Share issue expenses are adjusted from Securities Premium Account as permitted by Section 52 of the Companies Act, 2013 and in line with the respective RBI guidelines issued from time to time.

20. Corporate Social Responsibility

Expenditure towards Corporate Social Responsibility is recognized in accordance with Companies Act 2013

21. Accounting of Priority Sector Lending Certificate (PSLC)

In line with the RBI guidelines updated from time to time, Bank trades in priority sector portfolio by selling or buying PSLC, without transfer of risks or loan assets in these transactions. The fee paid for purchase of such PSLC is treated as an 'Expense' and the fee received from the sale of PSLCs is treated as 'Other Income'.
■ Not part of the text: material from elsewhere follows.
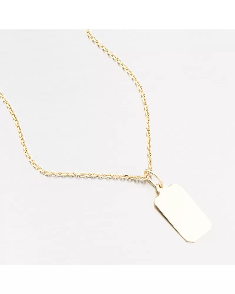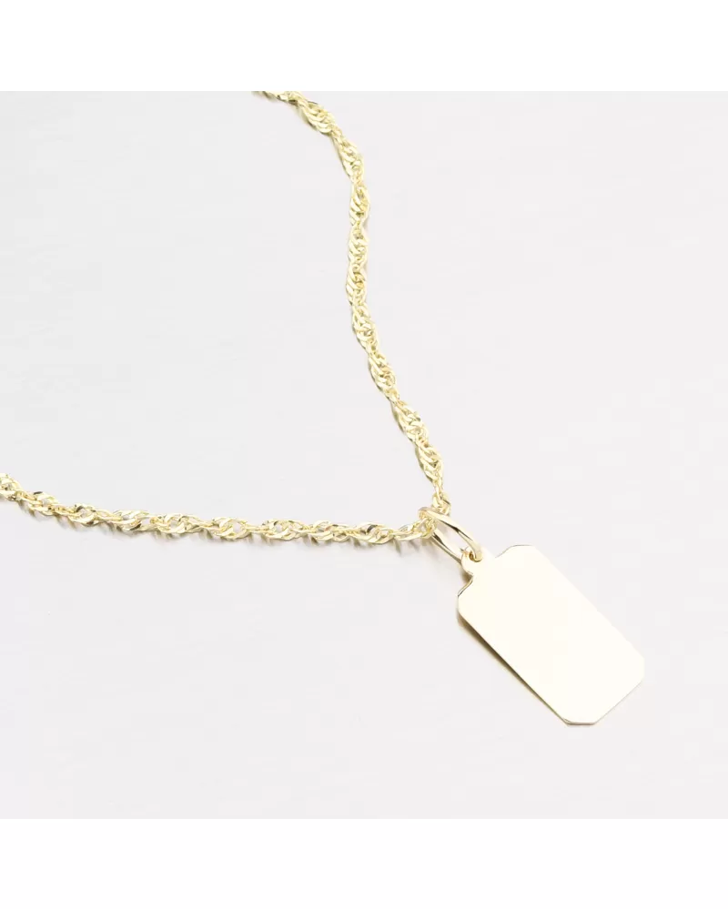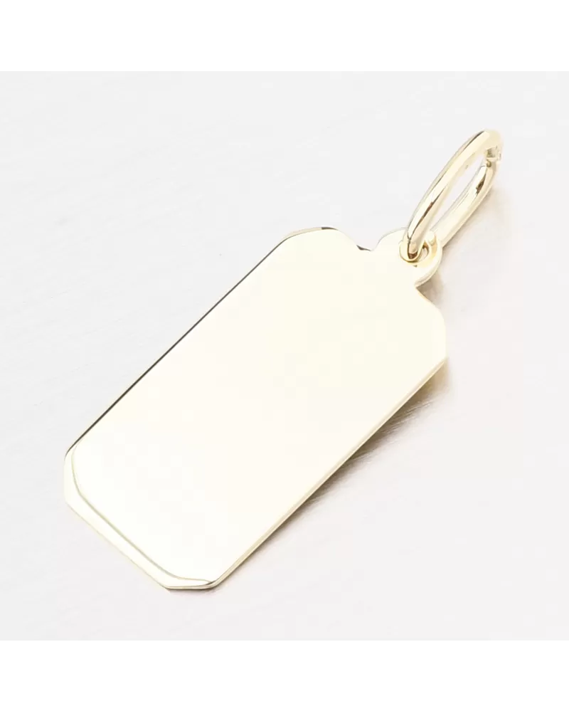 Jednoduchý zlatý přívěsek ve tvaru destičky ve vysokém lesku. Na přívěsek je možné nechat z obou stran udělat rytinu. Např. jméno, datum, věnování.… Celý popis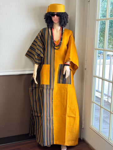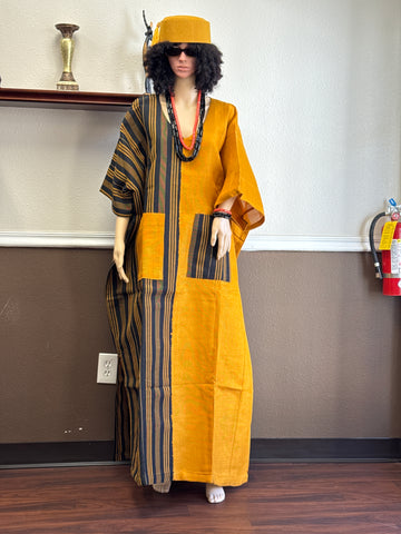 Mustard and Black Mix Aso-Oke Panel Bubu Dress

22. Accounting for Dividend

In terms of revised Accounting Standard (AS) 4 "Contingencies and Events occurring after the Balance sheet date" as notified by the Ministry of Corporate Affairs through amendments to Companies (Accounting Standards) Amendment Rules, 2016 dated March 30, 2016, Proposed Dividend or Dividend declared after balance sheet date are not shown as liability in current year balance sheet. The effect of the proposed dividend shall be reckoned in determining capital funds in the computation of capital adequacy ratios in Financial Year for which the dividend is declared. In case of interim dividend, the same shall be reckoned in the same quarter.

23. Cash Flows

Cash flow Statement has been prepared under the Indirect Method.